I've currently built this queryset from my own knowledge:

metrics = LoggedItem.objects.filter(
    identifier=record['identifier'],
    hit_type='investigations',
    is_machine=False,
    is_robot=False
).values(
    'identifier', 'country'
).annotate(
    count=models.Count('identifier'),
    metric_type=models.Value("total-dataset-requests", output_field=models.CharField()),
    access_method=models.Value("regular", output_field=models.CharField())
)

This gives me a <Queryset []> as follows:

<QuerySet [{'identifier': '10.80519/954e-4db4', 'country': 'fr', 'count': 1, 'metric_type': 'total-dataset-requests', 'access_method': 'regular'}, {'identifier': '10.80519/954e-4db4', 'country': 'gb', 'count': 5, 'metric_type': 'total-dataset-requests', 'access_method': 'regular'}]>

As you can see, I have all of the data I need for mimicking the above data stucture. But in a sightly obscure format ... I can go in a clean this up with Python, from a values_list() or iterator(), but I'd like to do most of the heavy lifting on the database layer via the ORM.

So I guess my question is, how could I replicate the kid of aggregation as shown in the JSON structure as an ORM query...?

FYI: It would likely be useful to know The full LogItem from models.py:

class LogItem(models.Model):
    ....

    id = models.AutoField(_('ID'), primary_key=True)

    session_id = models.TextField(_('Session ID'), default='')

    doubleclick_id = models.TextField(_('Doubleclick ID'), default='')

    event = models.DateTimeField(_('Event Recorded At'), default=now, blank=True)

    client_ip = models.CharField(_('Client IP'), max_length=15, null=True, blank=True)

    session_cookie_id = models.CharField(_('Session Cookie ID'), max_length=120, null=True, blank=True)

    user_cookie_id = models.CharField(_('User Cookie ID'), max_length=120, null=True, blank=True)

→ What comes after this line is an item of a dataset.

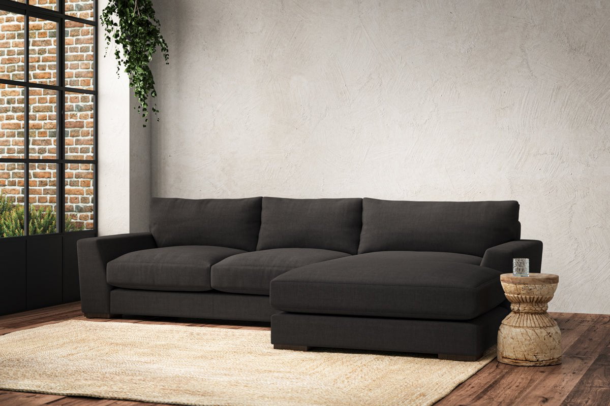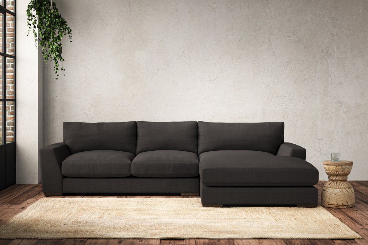 Canapé méridienne Guddu Medium avec accoudoir droit - Lin Brera Espresso

    user_id = models.CharField(_('User ID'), max_length=100, null=True, blank=True)

    request_url = models.TextField(_('Request URL'), default='')

    identifier = models.CharField(_('Identifier'), max_length=120, null=True, blank=True)

    filename = models.TextField(_('Filename'), null=True)

    size = models.PositiveBigIntegerField(_('Size'), null=True)

    user_agent = models.TextField(_('User Agent'), default='')

    # Alpha-2 ISO 3166 Codes: [Reference: Country Codes Alpha-2 & Alpha-3](https://www.iban.com/country-codes)
    country = models.CharField(_('Country'), max_length=10, default='gb')

    hit_type = models.CharField(_('Hit Type'), max_length=60, null=True, blank=True)

    is_robot = models.BooleanField(_('Is Robot'), default=False)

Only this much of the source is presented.